Crispy salmon with avocado cream


For the marinade:

  • 1tbsp soy sauce
  • 2 tbsp honey
  • Juice of 1 lime
  • 1tsp sesame seeds
  • Pepper to taste
  • 2 salmon fillets
  • 1tsp olive oil

For the garnish:

  • 2 vines of cherry tomatoes
  • 2tsp olive oil
  • 12 asparagus spears
  • Salt & pepper to taste

For the avocado cream:

  • 1 avocado
  • Juice of 1 lime
  • 1tbsp tahini
  • ¼ tsp Tobasco sauce
  • Salt & pepper to taste
  • ¼ tsp chilli flakes


  1. Preheat the oven to 180C fan.
  2. In a small bowl, combine soy sauce, honey, lime juice, sesame seeds & pepper and whisk well. Set aside.
  3. Heat up the Zyliss Frying pan. When the pan is hot, add the olive oil and pan-fry the salmon fillets (skin side up) for 45-60seconds on each side until golden brown. Spoon the honey & soy marinade over the salmon and fry for another minute or so until the sauce is starting to glaze. Transfer the salmon fillets to a baking tray lined with parchment paper. Place vine tomatoes on the same baking tray, drizzle with olive oil, season with salt & pepper and roast in the oven for 10-12 minutes or until cooked through.
  4. Using the same pan you used to pan fry the salmon, pan fry the asparagus for 3-4minutes until crispy and a little tender.

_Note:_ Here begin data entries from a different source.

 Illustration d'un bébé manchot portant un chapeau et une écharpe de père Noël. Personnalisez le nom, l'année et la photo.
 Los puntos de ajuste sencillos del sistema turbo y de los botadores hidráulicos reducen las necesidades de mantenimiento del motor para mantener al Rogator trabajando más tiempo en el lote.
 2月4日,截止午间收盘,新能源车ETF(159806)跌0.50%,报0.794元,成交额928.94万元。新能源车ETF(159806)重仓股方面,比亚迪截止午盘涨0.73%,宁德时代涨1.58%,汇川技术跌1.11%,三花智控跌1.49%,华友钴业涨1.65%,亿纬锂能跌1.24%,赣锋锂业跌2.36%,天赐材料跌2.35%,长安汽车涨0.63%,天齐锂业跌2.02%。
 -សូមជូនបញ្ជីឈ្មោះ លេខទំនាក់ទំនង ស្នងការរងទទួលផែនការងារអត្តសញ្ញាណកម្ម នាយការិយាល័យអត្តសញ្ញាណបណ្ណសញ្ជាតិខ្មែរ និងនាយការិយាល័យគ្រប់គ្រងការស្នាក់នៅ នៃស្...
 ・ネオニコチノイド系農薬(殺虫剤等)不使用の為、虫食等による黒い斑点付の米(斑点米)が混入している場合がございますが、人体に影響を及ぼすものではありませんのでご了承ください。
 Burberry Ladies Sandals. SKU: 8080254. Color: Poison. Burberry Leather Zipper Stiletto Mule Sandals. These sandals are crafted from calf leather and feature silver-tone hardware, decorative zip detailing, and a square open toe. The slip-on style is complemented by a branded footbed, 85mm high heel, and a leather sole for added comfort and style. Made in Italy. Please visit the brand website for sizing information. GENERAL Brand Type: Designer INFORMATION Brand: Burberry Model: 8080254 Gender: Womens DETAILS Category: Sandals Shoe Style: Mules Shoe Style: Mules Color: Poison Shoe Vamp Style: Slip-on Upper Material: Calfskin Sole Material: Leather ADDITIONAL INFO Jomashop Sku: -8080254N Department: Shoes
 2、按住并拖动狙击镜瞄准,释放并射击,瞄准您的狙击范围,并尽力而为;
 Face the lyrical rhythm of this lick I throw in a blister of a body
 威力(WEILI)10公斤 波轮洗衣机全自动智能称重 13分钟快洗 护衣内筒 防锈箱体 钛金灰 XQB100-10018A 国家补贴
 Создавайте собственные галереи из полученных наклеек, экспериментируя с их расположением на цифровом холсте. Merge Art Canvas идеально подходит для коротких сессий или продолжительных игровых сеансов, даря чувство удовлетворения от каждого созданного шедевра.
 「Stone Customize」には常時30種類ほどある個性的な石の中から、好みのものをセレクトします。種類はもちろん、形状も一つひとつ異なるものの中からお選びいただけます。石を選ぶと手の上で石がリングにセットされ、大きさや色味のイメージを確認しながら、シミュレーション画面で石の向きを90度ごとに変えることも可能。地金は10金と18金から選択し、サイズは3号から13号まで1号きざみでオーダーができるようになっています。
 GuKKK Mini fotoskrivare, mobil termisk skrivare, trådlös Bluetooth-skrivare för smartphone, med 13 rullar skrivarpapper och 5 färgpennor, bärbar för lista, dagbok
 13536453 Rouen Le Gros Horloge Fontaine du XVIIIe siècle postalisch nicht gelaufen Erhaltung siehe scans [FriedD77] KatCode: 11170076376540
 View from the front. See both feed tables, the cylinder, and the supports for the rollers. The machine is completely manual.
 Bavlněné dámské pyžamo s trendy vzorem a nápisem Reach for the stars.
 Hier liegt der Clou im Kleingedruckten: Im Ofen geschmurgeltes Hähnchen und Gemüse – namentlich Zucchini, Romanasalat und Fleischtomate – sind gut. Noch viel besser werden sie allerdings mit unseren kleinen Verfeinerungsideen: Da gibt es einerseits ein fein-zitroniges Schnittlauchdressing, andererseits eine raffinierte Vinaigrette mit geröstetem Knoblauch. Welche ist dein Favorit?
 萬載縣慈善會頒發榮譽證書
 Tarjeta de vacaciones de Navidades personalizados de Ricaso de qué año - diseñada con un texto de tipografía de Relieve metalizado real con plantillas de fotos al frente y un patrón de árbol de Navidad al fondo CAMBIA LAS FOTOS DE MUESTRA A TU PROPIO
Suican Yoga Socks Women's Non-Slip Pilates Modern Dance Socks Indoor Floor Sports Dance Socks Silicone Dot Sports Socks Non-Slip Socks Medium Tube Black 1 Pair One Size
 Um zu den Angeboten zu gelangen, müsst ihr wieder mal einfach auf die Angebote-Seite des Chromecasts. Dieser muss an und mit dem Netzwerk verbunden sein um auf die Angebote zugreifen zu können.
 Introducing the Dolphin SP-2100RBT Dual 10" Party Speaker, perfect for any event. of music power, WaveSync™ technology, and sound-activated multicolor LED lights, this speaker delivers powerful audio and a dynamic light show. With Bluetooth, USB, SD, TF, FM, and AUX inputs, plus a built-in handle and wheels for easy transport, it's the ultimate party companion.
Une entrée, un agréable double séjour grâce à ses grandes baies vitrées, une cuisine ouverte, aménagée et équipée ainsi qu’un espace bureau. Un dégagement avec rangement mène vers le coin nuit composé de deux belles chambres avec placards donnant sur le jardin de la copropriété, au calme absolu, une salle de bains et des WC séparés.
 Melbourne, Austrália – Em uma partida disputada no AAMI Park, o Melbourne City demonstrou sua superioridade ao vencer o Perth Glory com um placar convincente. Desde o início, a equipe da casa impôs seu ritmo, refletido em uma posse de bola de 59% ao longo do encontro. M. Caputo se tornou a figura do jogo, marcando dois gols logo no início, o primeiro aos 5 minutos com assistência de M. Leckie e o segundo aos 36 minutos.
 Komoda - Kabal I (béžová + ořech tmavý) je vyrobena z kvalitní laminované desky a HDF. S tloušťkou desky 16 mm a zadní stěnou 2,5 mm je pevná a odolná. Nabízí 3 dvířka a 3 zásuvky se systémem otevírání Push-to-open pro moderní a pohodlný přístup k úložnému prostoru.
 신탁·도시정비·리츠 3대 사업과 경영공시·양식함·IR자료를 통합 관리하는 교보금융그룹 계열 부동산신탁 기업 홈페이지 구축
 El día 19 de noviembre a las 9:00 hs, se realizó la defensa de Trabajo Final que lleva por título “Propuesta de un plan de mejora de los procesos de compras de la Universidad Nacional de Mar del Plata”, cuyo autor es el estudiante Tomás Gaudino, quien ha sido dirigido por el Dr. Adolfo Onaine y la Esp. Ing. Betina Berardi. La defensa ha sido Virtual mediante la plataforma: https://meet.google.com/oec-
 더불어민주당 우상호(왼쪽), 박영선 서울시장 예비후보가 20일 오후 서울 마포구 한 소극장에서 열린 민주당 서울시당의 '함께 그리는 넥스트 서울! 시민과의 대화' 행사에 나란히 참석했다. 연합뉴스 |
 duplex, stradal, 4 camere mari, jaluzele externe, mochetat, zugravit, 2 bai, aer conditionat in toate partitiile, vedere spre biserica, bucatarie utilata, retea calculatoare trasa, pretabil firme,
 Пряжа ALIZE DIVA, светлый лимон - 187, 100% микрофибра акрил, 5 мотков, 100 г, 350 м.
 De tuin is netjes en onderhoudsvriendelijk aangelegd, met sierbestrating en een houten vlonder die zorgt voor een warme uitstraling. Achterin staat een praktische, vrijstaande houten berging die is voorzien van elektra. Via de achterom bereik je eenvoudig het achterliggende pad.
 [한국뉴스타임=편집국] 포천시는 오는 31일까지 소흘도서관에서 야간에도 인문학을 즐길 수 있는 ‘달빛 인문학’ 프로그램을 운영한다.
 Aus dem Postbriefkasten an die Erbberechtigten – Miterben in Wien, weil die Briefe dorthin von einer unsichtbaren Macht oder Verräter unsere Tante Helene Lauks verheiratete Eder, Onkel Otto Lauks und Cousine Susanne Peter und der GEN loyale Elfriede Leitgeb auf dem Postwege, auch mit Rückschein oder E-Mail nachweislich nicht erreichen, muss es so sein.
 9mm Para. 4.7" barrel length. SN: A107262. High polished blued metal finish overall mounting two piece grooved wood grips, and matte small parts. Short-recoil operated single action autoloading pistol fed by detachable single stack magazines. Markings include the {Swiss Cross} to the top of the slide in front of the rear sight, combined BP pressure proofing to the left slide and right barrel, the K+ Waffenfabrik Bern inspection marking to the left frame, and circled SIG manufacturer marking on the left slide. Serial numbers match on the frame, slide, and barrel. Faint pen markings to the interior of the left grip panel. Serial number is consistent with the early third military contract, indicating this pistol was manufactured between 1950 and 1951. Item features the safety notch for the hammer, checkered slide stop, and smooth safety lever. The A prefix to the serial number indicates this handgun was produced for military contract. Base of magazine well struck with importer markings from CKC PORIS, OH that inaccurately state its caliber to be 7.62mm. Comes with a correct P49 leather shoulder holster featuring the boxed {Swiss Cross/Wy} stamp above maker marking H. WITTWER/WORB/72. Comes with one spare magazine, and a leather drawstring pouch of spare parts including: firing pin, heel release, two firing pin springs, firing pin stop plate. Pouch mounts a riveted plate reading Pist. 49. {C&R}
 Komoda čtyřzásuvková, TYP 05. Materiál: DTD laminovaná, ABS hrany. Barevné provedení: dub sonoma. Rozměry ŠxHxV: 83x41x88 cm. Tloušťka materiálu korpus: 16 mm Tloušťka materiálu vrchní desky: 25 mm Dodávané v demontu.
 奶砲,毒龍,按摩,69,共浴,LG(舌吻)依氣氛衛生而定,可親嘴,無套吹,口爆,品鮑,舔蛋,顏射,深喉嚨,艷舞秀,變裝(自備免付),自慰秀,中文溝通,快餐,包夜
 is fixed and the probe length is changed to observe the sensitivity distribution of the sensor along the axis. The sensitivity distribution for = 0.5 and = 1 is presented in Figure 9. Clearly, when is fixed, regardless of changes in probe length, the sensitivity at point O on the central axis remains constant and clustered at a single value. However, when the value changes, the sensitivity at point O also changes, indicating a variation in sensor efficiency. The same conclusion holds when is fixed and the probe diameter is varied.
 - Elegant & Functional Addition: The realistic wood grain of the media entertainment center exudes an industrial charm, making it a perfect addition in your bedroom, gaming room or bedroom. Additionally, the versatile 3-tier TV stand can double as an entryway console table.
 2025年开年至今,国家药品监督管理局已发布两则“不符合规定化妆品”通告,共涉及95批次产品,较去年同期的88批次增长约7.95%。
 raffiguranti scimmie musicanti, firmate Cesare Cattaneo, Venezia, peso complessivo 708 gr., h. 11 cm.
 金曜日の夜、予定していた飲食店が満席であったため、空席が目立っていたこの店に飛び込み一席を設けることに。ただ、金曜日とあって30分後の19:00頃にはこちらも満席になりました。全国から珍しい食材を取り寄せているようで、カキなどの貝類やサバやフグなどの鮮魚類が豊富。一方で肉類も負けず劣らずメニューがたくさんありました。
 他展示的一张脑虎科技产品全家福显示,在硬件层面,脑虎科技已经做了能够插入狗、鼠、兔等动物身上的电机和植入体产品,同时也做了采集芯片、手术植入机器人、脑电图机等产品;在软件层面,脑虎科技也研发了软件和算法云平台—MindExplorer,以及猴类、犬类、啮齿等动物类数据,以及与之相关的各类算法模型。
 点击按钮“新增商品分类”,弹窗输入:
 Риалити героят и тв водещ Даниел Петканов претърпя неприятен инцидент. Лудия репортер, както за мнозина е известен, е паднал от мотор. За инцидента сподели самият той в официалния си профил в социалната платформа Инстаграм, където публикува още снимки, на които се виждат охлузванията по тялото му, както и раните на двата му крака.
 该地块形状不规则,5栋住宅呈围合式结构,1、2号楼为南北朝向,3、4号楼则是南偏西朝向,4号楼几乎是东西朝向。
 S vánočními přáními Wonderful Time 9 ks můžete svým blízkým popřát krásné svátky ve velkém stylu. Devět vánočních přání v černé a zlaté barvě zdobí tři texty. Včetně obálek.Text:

Season with salt & pepper. Set aside & keep warm.
  5. Whilst the salmon & tomatoes are in the oven, start preparing the avocado cream. Using Zyliss 4 in 1 Avocado Tool, cut the avocado in half, remove the stone and scoop the avocado into a food processor. Add the rest of the ingredients and process until smooth.
  6. Serve the salmon on top of asparagus spears with a generous dollop of avocado cream and garnish with roasted tomatoes.